### Information shown
================

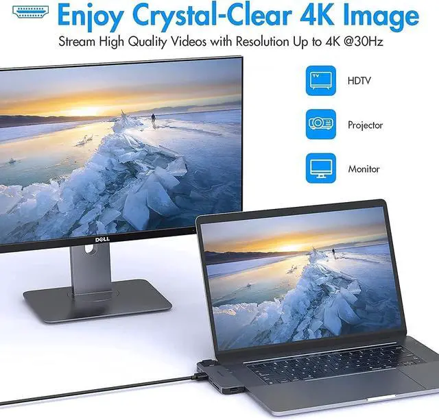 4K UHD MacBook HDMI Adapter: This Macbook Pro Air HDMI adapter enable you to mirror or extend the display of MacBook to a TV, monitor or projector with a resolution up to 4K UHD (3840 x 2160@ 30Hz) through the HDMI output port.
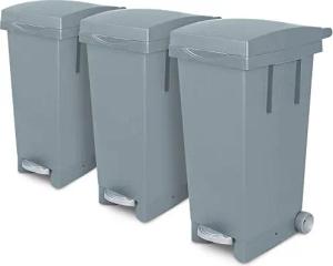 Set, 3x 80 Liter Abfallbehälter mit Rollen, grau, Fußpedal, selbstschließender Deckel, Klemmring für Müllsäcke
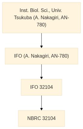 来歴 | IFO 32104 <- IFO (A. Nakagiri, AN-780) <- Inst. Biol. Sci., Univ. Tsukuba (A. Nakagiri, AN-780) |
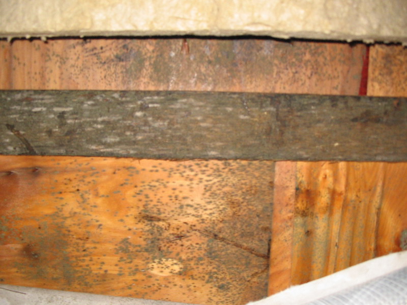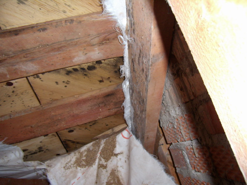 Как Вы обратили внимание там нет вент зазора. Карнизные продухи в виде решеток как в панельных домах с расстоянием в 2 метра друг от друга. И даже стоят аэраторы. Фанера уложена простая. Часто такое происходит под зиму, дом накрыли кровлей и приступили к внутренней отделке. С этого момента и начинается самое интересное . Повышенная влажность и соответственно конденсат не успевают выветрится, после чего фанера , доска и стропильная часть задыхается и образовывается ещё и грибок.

================

### What the task asks
Print the complete listing exactly, apart from any pictures.

### Expected answer
 4K UHD MacBook HDMI Adapter: This Macbook Pro Air HDMI adapter enable you to mirror or extend the display of MacBook to a TV, monitor or projector with a resolution up to 4K UHD (3840 x 2160@ 30Hz) through the HDMI output port.
 Set, 3x 80 Liter Abfallbehälter mit Rollen, grau, Fußpedal, selbstschließender Deckel, Klemmring für Müllsäcke
 来歴 | IFO 32104 <- IFO (A. Nakagiri, AN-780) <- Inst. Biol. Sci., Univ. Tsukuba (A. Nakagiri, AN-780) |
 Как Вы обратили внимание там нет вент зазора. Карнизные продухи в виде решеток как в панельных домах с расстоянием в 2 метра друг от друга. И даже стоят аэраторы. Фанера уложена простая. Часто такое происходит под зиму, дом накрыли кровлей и приступили к внутренней отделке. С этого момента и начинается самое интересное . Повышенная влажность и соответственно конденсат не успевают выветрится, после чего фанера , доска и стропильная часть задыхается и образовывается ещё и грибок.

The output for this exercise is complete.